* WHAT YOU ARE ASKED TO DO
Look through the listing and report every line that has "includes" in it.

* PROVIDED RECORDS
--
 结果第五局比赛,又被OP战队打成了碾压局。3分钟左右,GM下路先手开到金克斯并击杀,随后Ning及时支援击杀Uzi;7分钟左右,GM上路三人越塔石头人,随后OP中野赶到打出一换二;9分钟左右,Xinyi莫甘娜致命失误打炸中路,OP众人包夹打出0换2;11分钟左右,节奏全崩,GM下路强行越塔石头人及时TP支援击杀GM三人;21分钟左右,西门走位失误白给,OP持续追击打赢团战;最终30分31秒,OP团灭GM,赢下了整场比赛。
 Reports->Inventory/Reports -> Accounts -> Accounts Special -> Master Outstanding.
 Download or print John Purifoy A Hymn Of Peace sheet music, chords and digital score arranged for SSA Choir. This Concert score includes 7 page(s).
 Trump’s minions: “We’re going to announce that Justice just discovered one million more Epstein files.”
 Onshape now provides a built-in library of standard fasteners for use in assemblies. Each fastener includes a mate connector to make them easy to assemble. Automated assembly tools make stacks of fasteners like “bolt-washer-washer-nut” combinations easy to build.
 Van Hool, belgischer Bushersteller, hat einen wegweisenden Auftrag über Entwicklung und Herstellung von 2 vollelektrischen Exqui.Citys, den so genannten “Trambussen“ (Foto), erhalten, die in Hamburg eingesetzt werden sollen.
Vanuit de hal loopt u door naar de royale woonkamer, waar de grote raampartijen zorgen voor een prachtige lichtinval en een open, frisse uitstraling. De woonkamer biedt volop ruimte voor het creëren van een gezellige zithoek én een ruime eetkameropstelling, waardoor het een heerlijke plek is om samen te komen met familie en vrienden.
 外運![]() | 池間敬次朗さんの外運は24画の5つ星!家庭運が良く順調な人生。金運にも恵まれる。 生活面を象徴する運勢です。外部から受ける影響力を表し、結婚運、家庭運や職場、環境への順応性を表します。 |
--
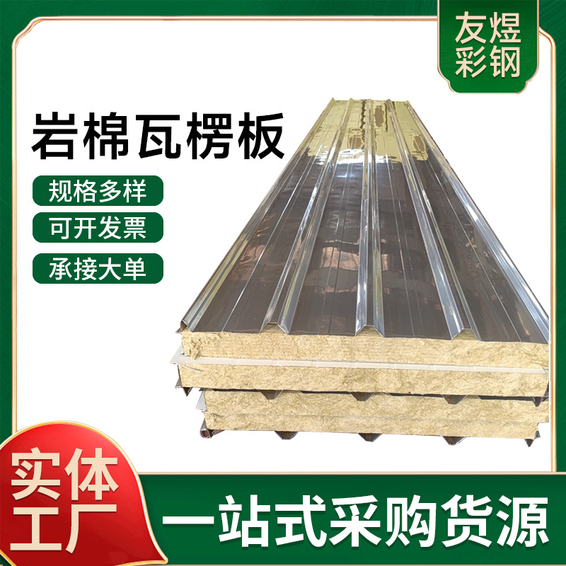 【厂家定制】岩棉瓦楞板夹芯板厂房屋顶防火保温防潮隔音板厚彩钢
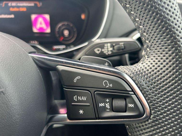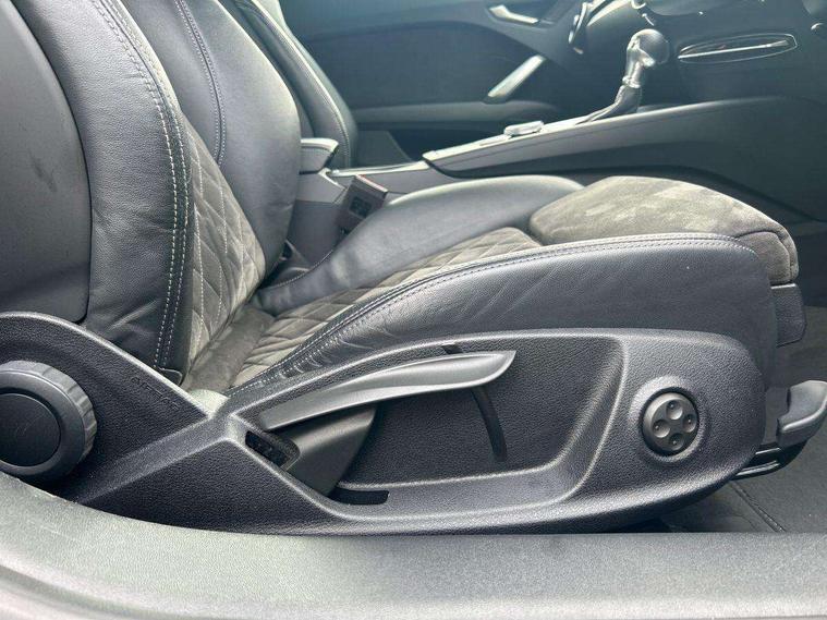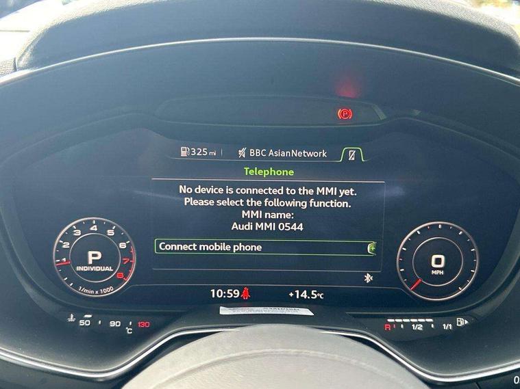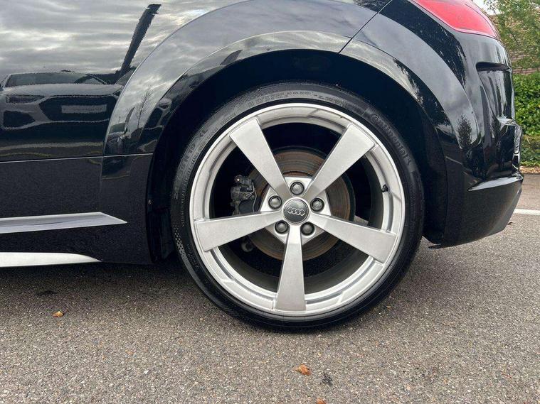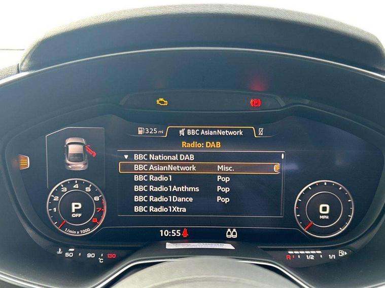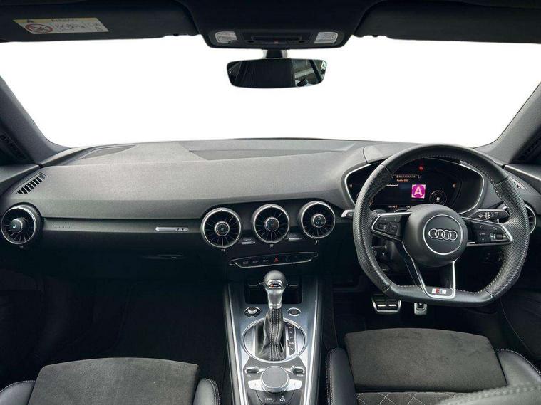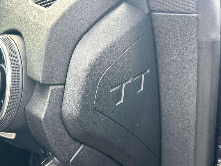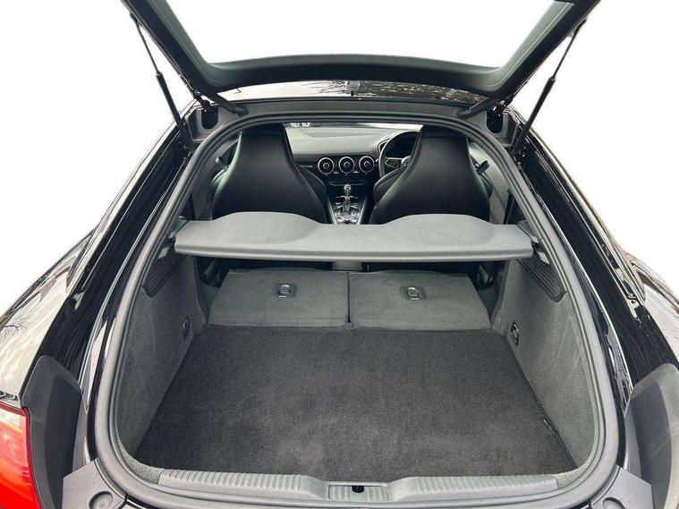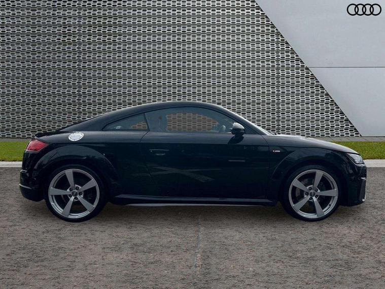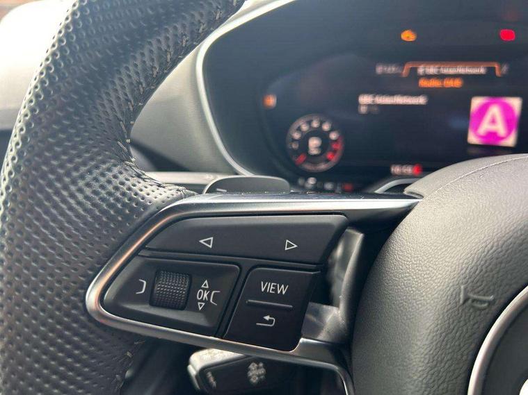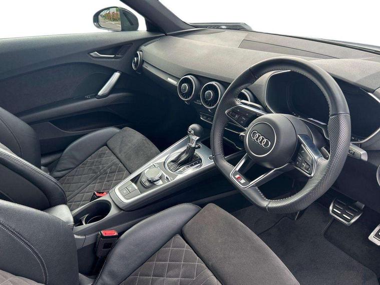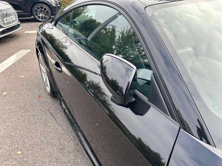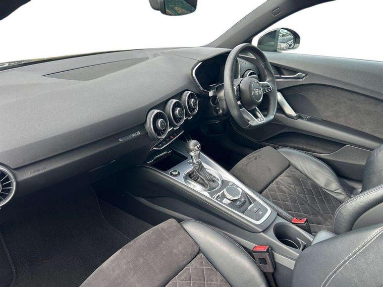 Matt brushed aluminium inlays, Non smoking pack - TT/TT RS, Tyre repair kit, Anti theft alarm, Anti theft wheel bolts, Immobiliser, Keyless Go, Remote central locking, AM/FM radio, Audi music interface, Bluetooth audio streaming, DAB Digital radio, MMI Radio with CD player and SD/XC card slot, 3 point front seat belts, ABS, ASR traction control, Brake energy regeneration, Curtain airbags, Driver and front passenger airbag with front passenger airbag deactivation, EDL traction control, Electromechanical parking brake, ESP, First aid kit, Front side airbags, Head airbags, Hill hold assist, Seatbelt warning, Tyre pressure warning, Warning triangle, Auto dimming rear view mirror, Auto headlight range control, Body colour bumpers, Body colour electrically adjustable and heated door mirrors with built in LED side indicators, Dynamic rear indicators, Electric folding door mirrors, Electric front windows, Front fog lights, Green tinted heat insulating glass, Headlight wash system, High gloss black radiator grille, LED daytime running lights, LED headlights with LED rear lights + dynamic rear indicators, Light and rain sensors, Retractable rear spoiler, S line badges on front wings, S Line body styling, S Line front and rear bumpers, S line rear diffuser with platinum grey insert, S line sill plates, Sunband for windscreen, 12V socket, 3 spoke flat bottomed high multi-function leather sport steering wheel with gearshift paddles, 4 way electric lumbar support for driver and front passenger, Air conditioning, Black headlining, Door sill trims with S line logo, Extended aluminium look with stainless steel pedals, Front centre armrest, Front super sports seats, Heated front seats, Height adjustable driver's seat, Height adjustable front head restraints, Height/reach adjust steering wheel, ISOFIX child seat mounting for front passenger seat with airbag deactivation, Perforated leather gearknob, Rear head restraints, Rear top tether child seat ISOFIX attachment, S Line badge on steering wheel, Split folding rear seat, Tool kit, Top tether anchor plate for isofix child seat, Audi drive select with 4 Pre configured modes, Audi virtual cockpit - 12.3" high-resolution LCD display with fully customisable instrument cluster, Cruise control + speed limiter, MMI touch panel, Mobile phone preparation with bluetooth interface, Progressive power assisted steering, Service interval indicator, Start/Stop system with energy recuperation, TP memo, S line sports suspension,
--
* WRITTEN ANSWER
 Download or print John Purifoy A Hymn Of Peace sheet music, chords and digital score arranged for SSA Choir. This Concert score includes 7 page(s).
 Onshape now provides a built-in library of standard fasteners for use in assemblies. Each fastener includes a mate connector to make them easy to assemble. Automated assembly tools make stacks of fasteners like “bolt-washer-washer-nut” combinations easy to build.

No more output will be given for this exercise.